INFORMATION PROVIDED
• • •

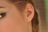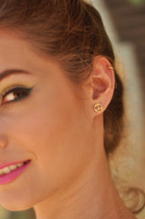 העגילים עשויים מפליז ומצופים זהב איכותי ללא ניקל בגימור מט. המוטות שנכנסים לאוזן עשויים מכסף, ולכן היפואלרגניים ומגיעים עם סוגרי סיליקון.
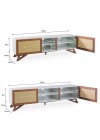 Fabricado em MDF BP 15mm revestido com melamina de alta resistência. Pés e detalhes em madeira maciça (jatobá ou taeda) com acabamento em stain não verniz. Porta com aplicação de rattan natural. Entregue desmontado e embalado em caixa de papelão. Peso: 34kg (160cm) e 38kg (180cm). Capacidade suportada: 25kg.
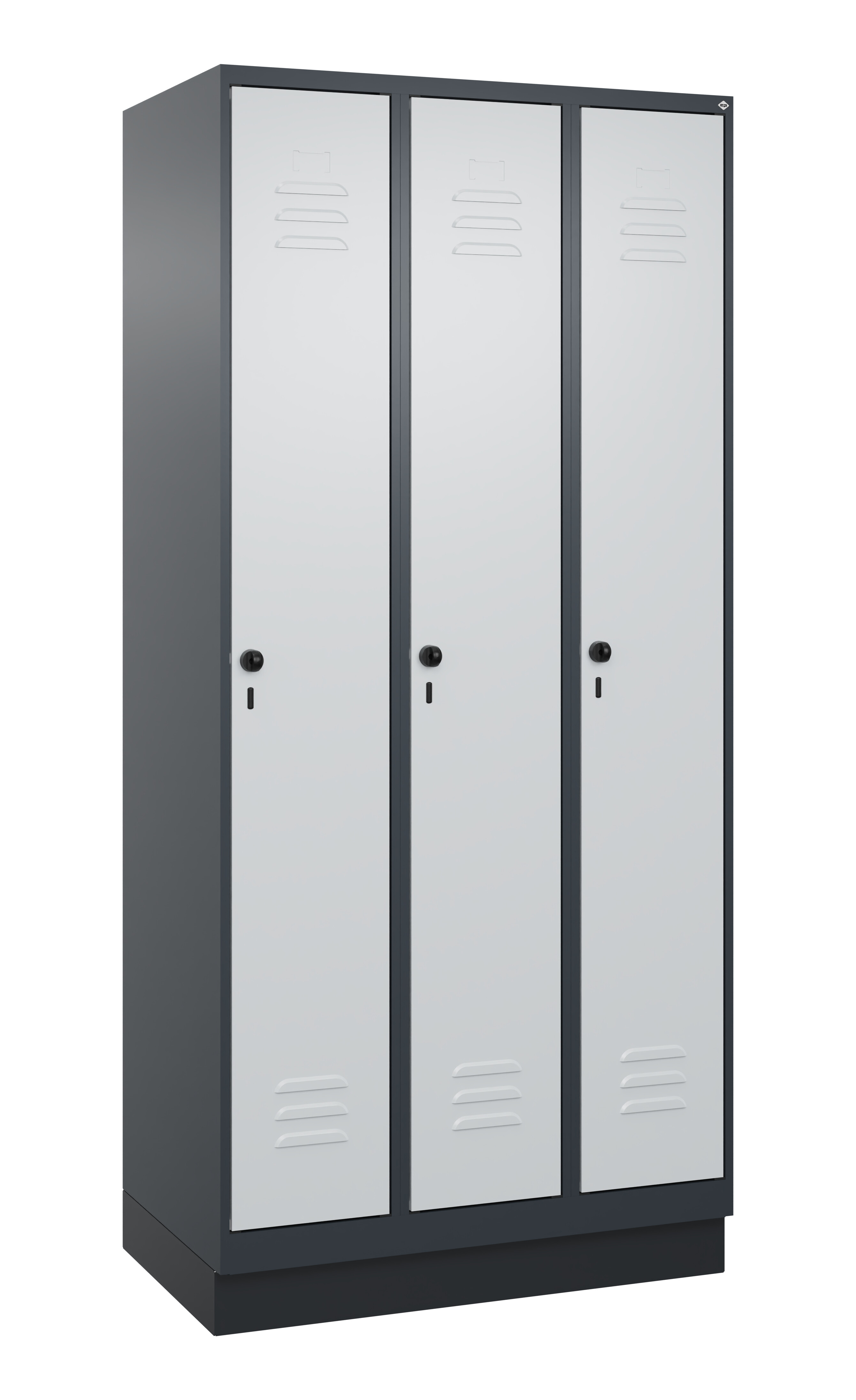 Spind Classic Plus, Sockel, 3 Abteile, 1950x900x500mm RAL 7035 Lichtgrau RAL 7016 Anthrazitgrau

• • •

EXERCISE DETAILS
What is needed is an exact reproduction of the data, pictures excluded.

RESPONSE TO THIS TASK
 העגילים עשויים מפליז ומצופים זהב איכותי ללא ניקל בגימור מט. המוטות שנכנסים לאוזן עשויים מכסף, ולכן היפואלרגניים ומגיעים עם סוגרי סיליקון.
 Fabricado em MDF BP 15mm revestido com melamina de alta resistência. Pés e detalhes em madeira maciça (jatobá ou taeda) com acabamento em stain não verniz. Porta com aplicação de rattan natural. Entregue desmontado e embalado em caixa de papelão. Peso: 34kg (160cm) e 38kg (180cm). Capacidade suportada: 25kg.
 Spind Classic Plus, Sockel, 3 Abteile, 1950x900x500mm RAL 7035 Lichtgrau RAL 7016 Anthrazitgrau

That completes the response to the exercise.